Dataset excerpts →
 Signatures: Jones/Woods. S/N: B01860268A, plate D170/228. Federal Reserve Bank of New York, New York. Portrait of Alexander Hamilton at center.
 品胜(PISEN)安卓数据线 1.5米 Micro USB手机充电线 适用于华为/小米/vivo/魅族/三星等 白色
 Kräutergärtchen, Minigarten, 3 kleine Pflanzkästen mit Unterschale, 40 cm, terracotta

==

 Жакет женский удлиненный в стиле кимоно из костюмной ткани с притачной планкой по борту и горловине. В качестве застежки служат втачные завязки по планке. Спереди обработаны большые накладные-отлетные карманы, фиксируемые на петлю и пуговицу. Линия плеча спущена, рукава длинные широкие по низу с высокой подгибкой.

Task item → Please copy, exactly and with nothing else, the lines above beginning at the line that has "Signatures: Jones/Woods. S/N: B01860268A, plate" and ending with the line that has "Kräutergärtchen, Minigarten, 3".

Exercise answer →
 Signatures: Jones/Woods. S/N: B01860268A, plate D170/228. Federal Reserve Bank of New York, New York. Portrait of Alexander Hamilton at center.
 品胜(PISEN)安卓数据线 1.5米 Micro USB手机充电线 适用于华为/小米/vivo/魅族/三星等 白色
 Kräutergärtchen, Minigarten, 3 kleine Pflanzkästen mit Unterschale, 40 cm, terracotta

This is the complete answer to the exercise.